The user should never have to manually trigger an agent to read a new source document. By saving a file to a designated "Inbox" or "Resources" directory, the system automatically detects, normalizes, analyzes, and integrates the knowledge into both the internal semantic database and the human-readable vault.

Workflow Steps

1. The Trigger (Human Action)

The user drops a document (PDF, DOCX, HTML, or plain text) into a designated watched folder. * Example path: Vault/30 - Resources/Inbox/ or Vault/Agent/Inbox/ * Action: Zero active prompting required.

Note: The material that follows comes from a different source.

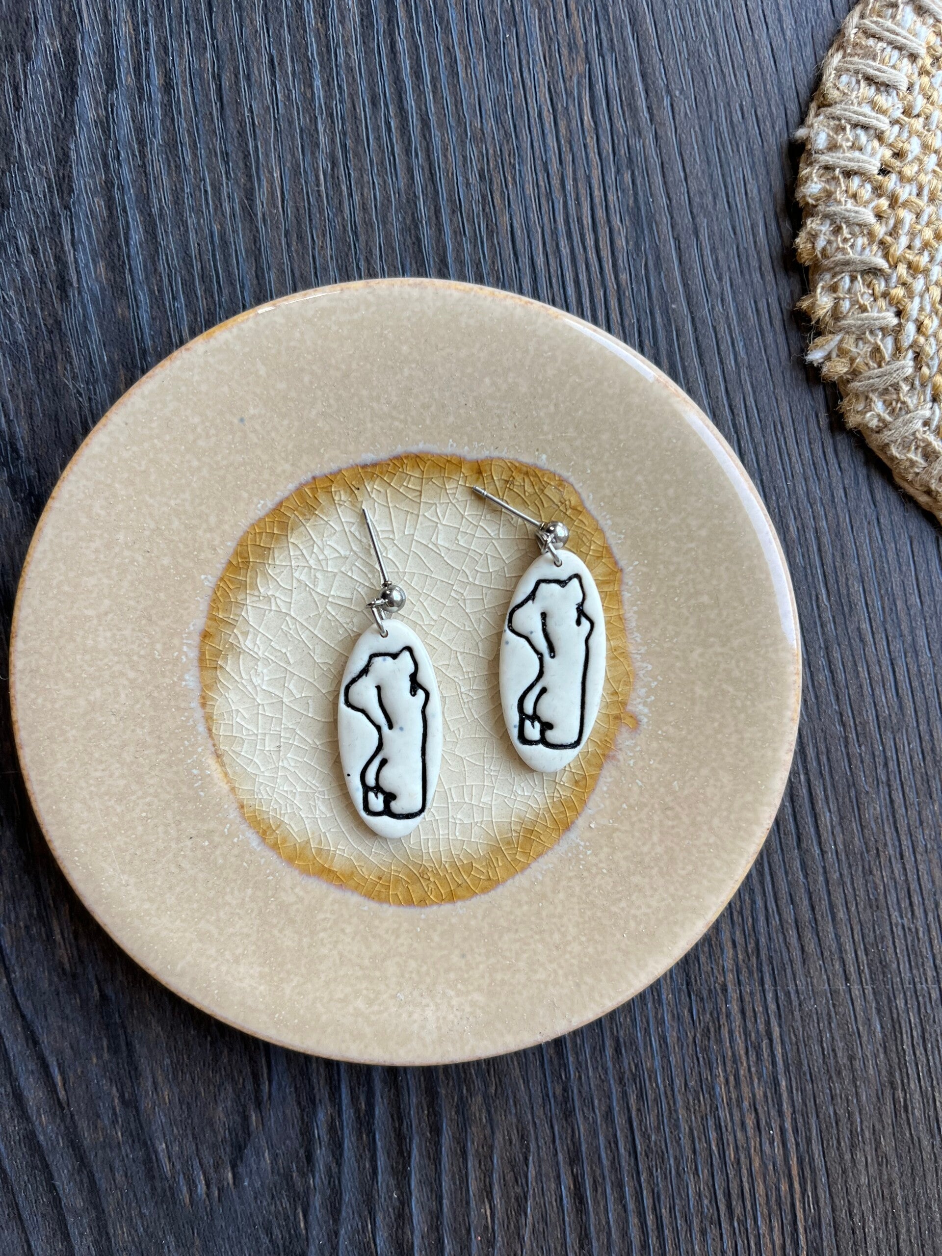 Wit stenen look oorbellen met een lichaam indruk.Bevestigd aan een stekertje van rvs.

2. The Watcher (System Action)

A background file-watcher process (the Dispatcher) detects the newly created file. * Action: It recognizes the file is in an ingestion folder. * Dispatch: It queues an @agent:ingest task, launching The Miner subagent in an isolated background fork to prevent blocking or polluting the user's active session.

3. Format Normalization

The Miner subagent uses the wiki_ingest tool for automatic document conversion:

  • URLs: Calls wiki_ingest(source="https://...") which invokes npx any2md internally to fetch and convert to clean markdown.
  • Local files: For PDF/DOCX, the Miner uses bash with npx any2md <file>. For plain markdown, it reads directly.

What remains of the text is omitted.